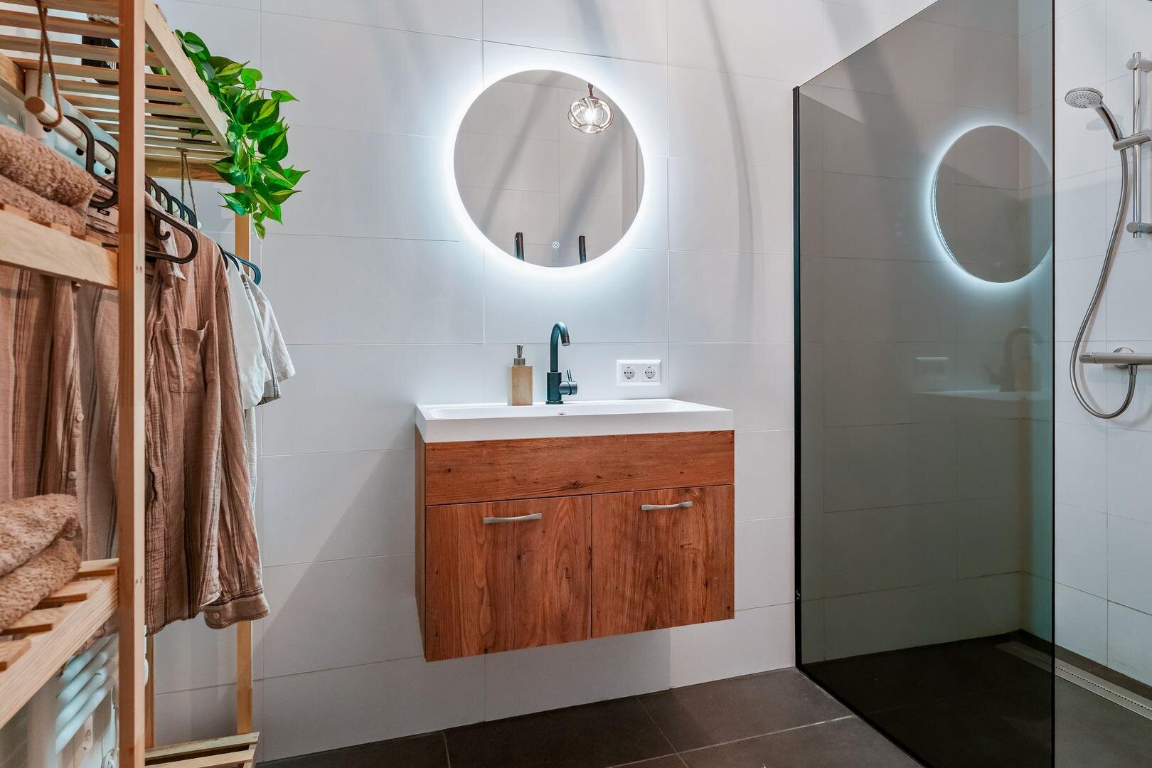 Op de verdieping start je op de overloop, die toegang geeft tot alle vertrekken. Aan de ene zijde vind je een kamer die perfect dienstdoet als kleding-, werk- of logeerkamer. De master bedroom is royaal opgezet (16 m2) en biedt voldoende ruimte voor een royaal tweepersoonsbed en kasten. Centraal op de verdieping bevindt zich de badkamer, uitgerust met een inloopdouche, wastafelmeubel en toilet.
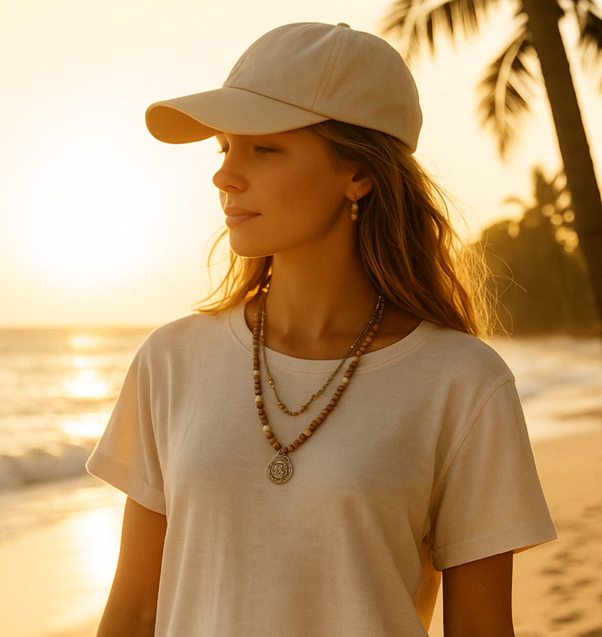 From sun-kissed caps to earthy tote bags — express your vibe, not the trend.
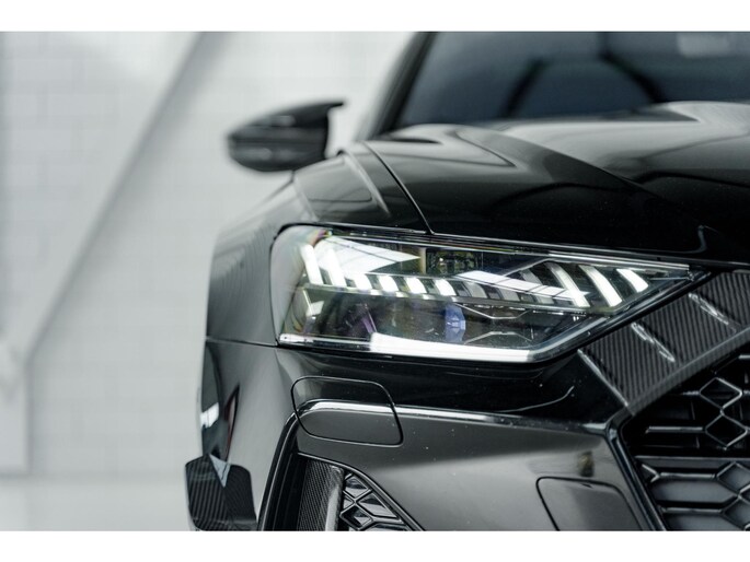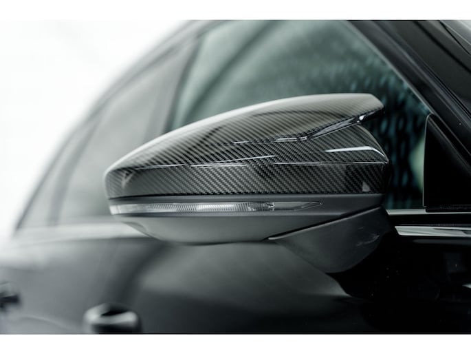Het exterieur wordt gedomineerd door het uitgebreide ABT aerodynamica pakket in hoogglans zichtcarbon. Elk detail is zorgvuldig ontworpen en uitgevoerd: van de agressieve frontlip en frontblades tot de carbon spiegelkappen, side skirts en de indrukwekkende achterzijde met diffuser en spoiler. Alles draagt bij aan zowel de uitstraling als de aerodynamische prestaties van de auto.
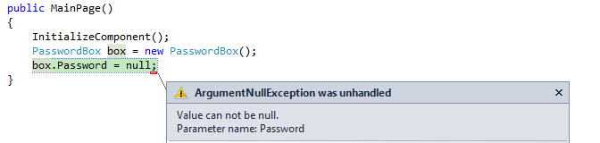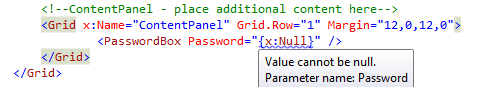 The default passwordbox does not throw an exception or crash when I use null as my default value. However the telerik version does. It's easy to fix my making the default the empty string but I feel as though it should have the same behavior. Here is the exception data for your reference.
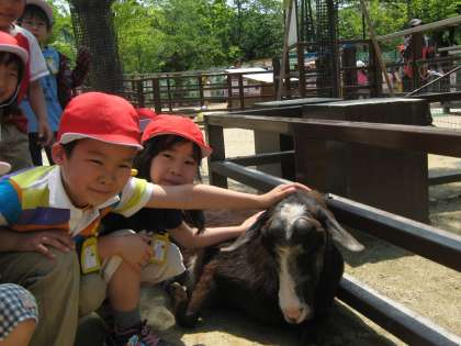 「おとぎの国」では,白ヤギさん,黒ヤギさんとふれあい体験ができました。
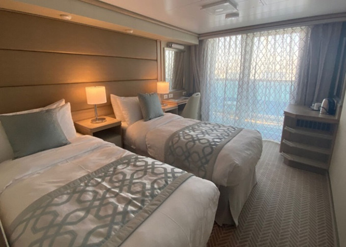 Standardní vybavení kajut: koupelna se sprchou a toaletou, 2 lůžka s možností konfigurace, úložné prostory, minibar, fén, TV, trezor. Balkony je vybaven malým stolkem a 2 židlemi či lehátky.
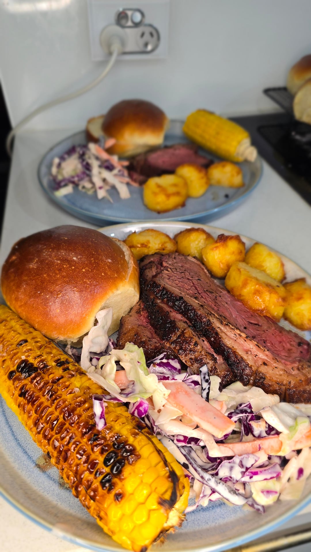 Smoked picanha, wood fired corn, crunchy duck-fat potatoes, home made rolls and ‘slaw by naikii Dinner Tonight Tonight's Dinner
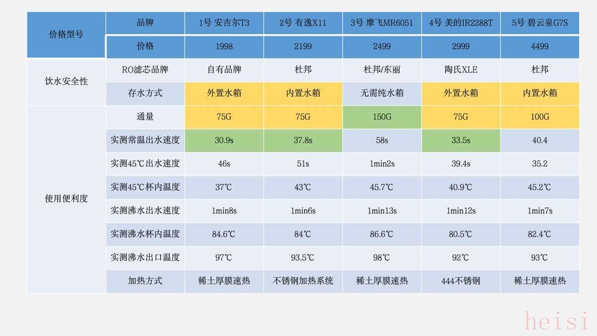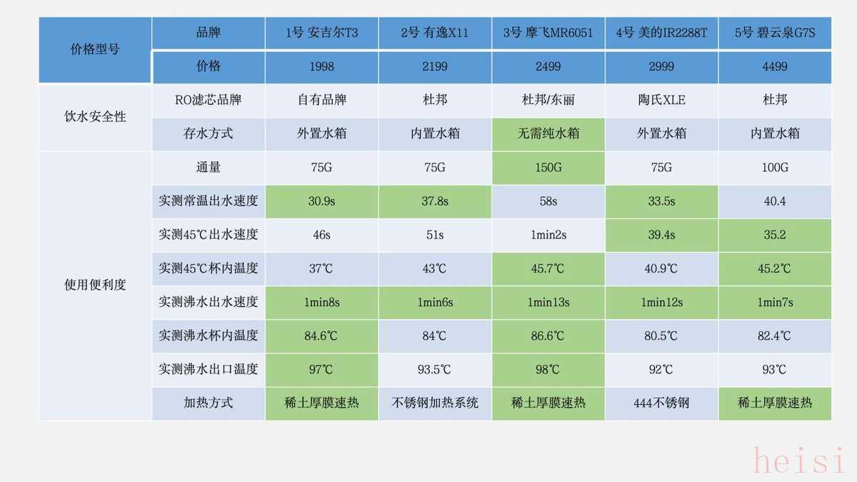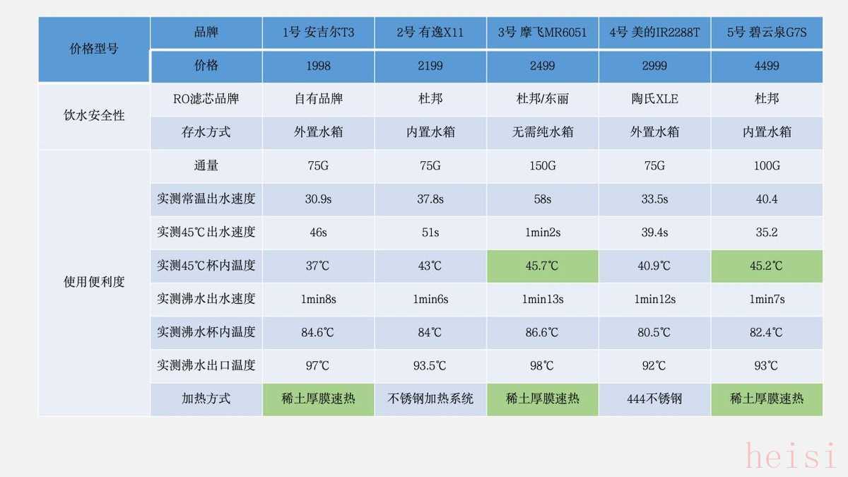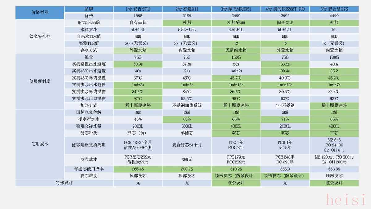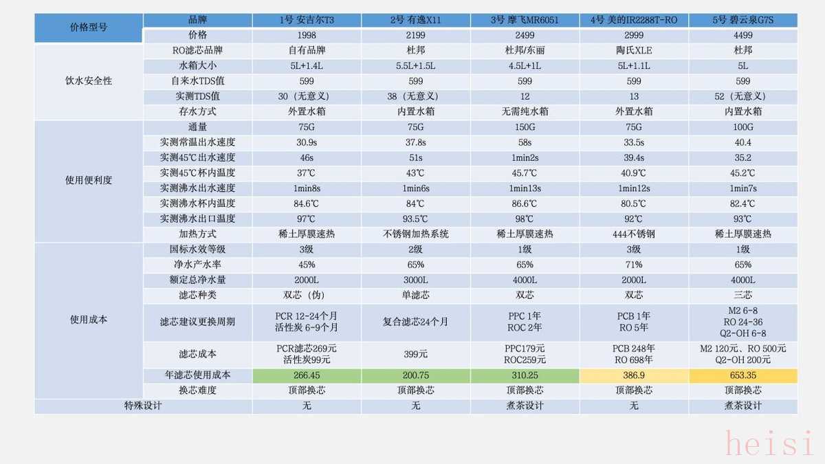關(guān)于使用成本我?guī)痛蠹野堰@幾款都算出來(lái)了,其中1號(hào)安吉爾、2號(hào)友逸以及3號(hào)摩飛都在200-300價(jià)位段,4號(hào)美的會(huì)略高一點(diǎn),而5號(hào)碧云泉的使用成本接近翻倍。
* * *
DIRECTIONS FOR THIS TASK ▸
For this step, transcribe all the material above exactly and drop the images.

WRITTEN ANSWER ▸
 Op de verdieping start je op de overloop, die toegang geeft tot alle vertrekken. Aan de ene zijde vind je een kamer die perfect dienstdoet als kleding-, werk- of logeerkamer. De master bedroom is royaal opgezet (16 m2) en biedt voldoende ruimte voor een royaal tweepersoonsbed en kasten. Centraal op de verdieping bevindt zich de badkamer, uitgerust met een inloopdouche, wastafelmeubel en toilet.
 From sun-kissed caps to earthy tote bags — express your vibe, not the trend.
Het exterieur wordt gedomineerd door het uitgebreide ABT aerodynamica pakket in hoogglans zichtcarbon. Elk detail is zorgvuldig ontworpen en uitgevoerd: van de agressieve frontlip en frontblades tot de carbon spiegelkappen, side skirts en de indrukwekkende achterzijde met diffuser en spoiler. Alles draagt bij aan zowel de uitstraling als de aerodynamische prestaties van de auto.
 The default passwordbox does not throw an exception or crash when I use null as my default value. However the telerik version does. It's easy to fix my making the default the empty string but I feel as though it should have the same behavior. Here is the exception data for your reference.
 「おとぎの国」では,白ヤギさん,黒ヤギさんとふれあい体験ができました。
 Standardní vybavení kajut: koupelna se sprchou a toaletou, 2 lůžka s možností konfigurace, úložné prostory, minibar, fén, TV, trezor. Balkony je vybaven malým stolkem a 2 židlemi či lehátky.
 Smoked picanha, wood fired corn, crunchy duck-fat potatoes, home made rolls and ‘slaw by naikii Dinner Tonight Tonight's Dinner
關(guān)于使用成本我?guī)痛蠹野堰@幾款都算出來(lái)了,其中1號(hào)安吉爾、2號(hào)友逸以及3號(hào)摩飛都在200-300價(jià)位段,4號(hào)美的會(huì)略高一點(diǎn),而5號(hào)碧云泉的使用成本接近翻倍。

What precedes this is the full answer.